Пряча инструмент, Чеслав уронил мешок. Бог выпал из него и покатился в снег под ноги толпы. Он лежал на своем кресте, кроткий и маленький, глядел мимо Чеслава на грязное питерское небо. Чеслав поднял его и прижал к груди…

Он, наверное, долго стоял на одном месте, потрясенный, потому что его приняли за спекулянта, а бога за товар и окликнули. Спросили, что хочет он за свою деревяшку? Чеслав подался было уйти, но его схватили за рукав. Рыжая от мороза и водки рожа задвигала губами, допытываясь, не украл ли он статуйку и сменяется ли на уши от мертвого осла, дырку от бублика или от жилетки рукава, и тогда он ударил эту рыжую рожу прямо в глумящийся рот, и его ударили в ответ.

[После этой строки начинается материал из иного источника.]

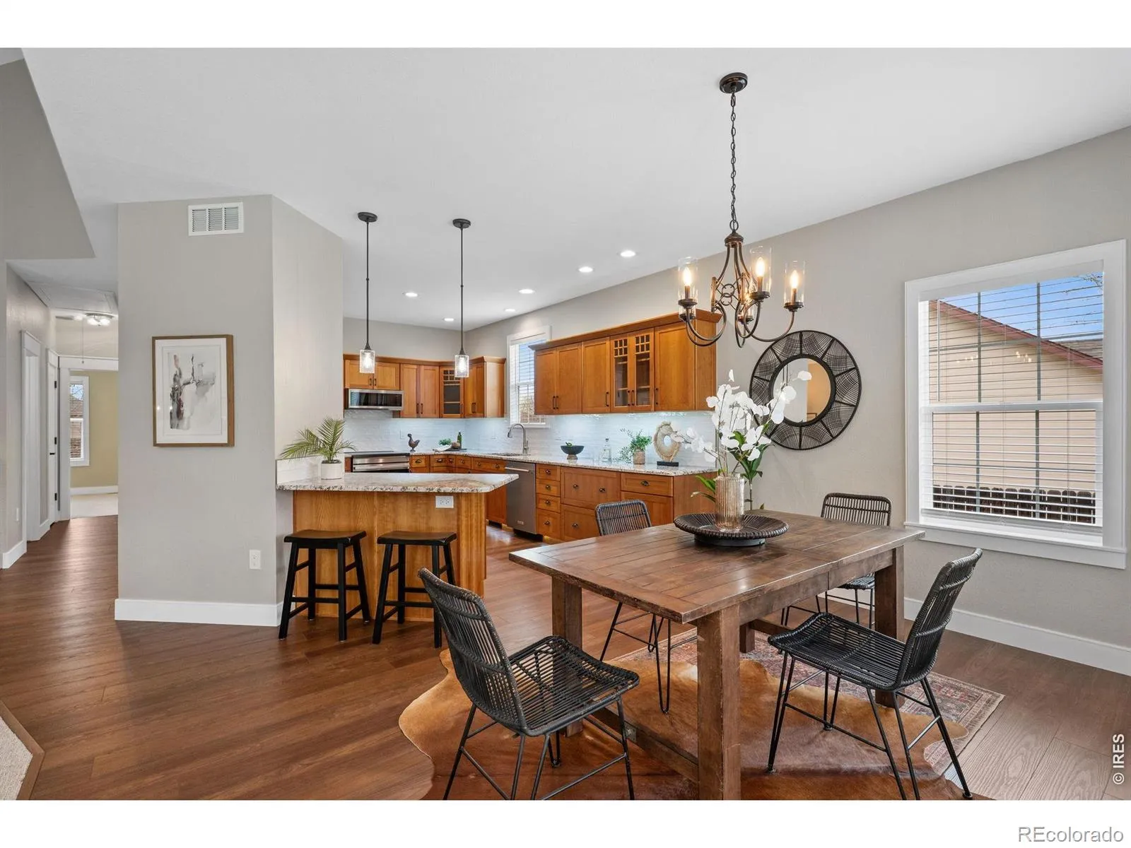 Welcome to this beautifully updated 5-bedroom, 3-bath home offering 3,797 square feet of thoughtfully designed living space on a spacious 0.30-acre lot. From the moment you arrive, you’ll appreciate the charming covered front porch, attractive stone accents, and inviting curb appeal.Inside, soaring vaulted ceilings and abundant natural light create an open, airy feel throughout the main living areas. The spacious living room flows seamlessly into the dining area and kitchen, making it ideal for both everyday living and entertaining.The updated kitchen is a standout with rich cabinetry, granite countertops, tile backsplash, stainless steel appliances, and a large center island with seating. The adjacent dining space is surrounded by windows and offers direct access to the covered patio.Step outside to enjoy the expansive backyard featuring a large covered patio, mature landscaping, and plenty of room to relax, entertain, or create your ideal outdoor retreat.The primary suite provides a private retreat with generous space and a beautifully updated en-suite bath featuring dual vanities, a soaking tub, and a separate glass-enclosed shower.The finished basement offers exceptional versatility with two additional bedrooms, a full bathroom, a dedicated office, and a separate gym space. Expansive living areas and abundant storage provide flexibility for a variety of needs including work, fitness, and recreation.A dedicated laundry room adds convenience, while the oversized 2.5-car garage offers extra storage, workspace, and functionality.With its modern updates, open layout, impressive square footage, and exceptional indoor and outdoor living spaces, this home delivers comfort, flexibility, and lifestyle in a desirable Greeley location.

Его били долго, по-базарному, ногами, обутыми в добрые валенки и сапоги. Потом бросили и оставили лежать на снегу с раскинутыми руками. Он смотрел в грязное небо, терял сознание и шептал: «За бога, за бога…» И в бреду ему чудилось, что он сам — бог, распятый на кресте. Милиционеры, разогнав толпу, отвезли его в больницу умирать.

Но он выжил.

И ничего не забыл.

Молчаливый и замкнутый, механик-самоучка, человек со странностями, в общем-то добрый и готовый помочь товарищу — таким он прослыл через годы в глазах окружающих. Он жил одиноко, к сослуживцам не ходил, к себе в гости не звал, и его посчитали сначала чудаком, а затем алкоголиком в той стадии, когда человек предается своему пороку наедине с собой и при запертых дверях. Это оправдывало его отчужденность и упорные отказы работать в вечернюю смену и по воскресеньям, и только духовные отцы из единственного на всю Москву католического храма не могли нарадоваться рвению нового прихожанина. Вечерние службы и воскресную мессу он посещал без пропусков и был не просто предан богу, но и полезен его служителям — охотно и совсем бесплатно чинил кухонные раковины на квартирах у отца настоятеля и чинов епархии, паял и лудил прохудившуюся посуду, проводил свет в передние и чуланы и был тих, безропотен и незаменим.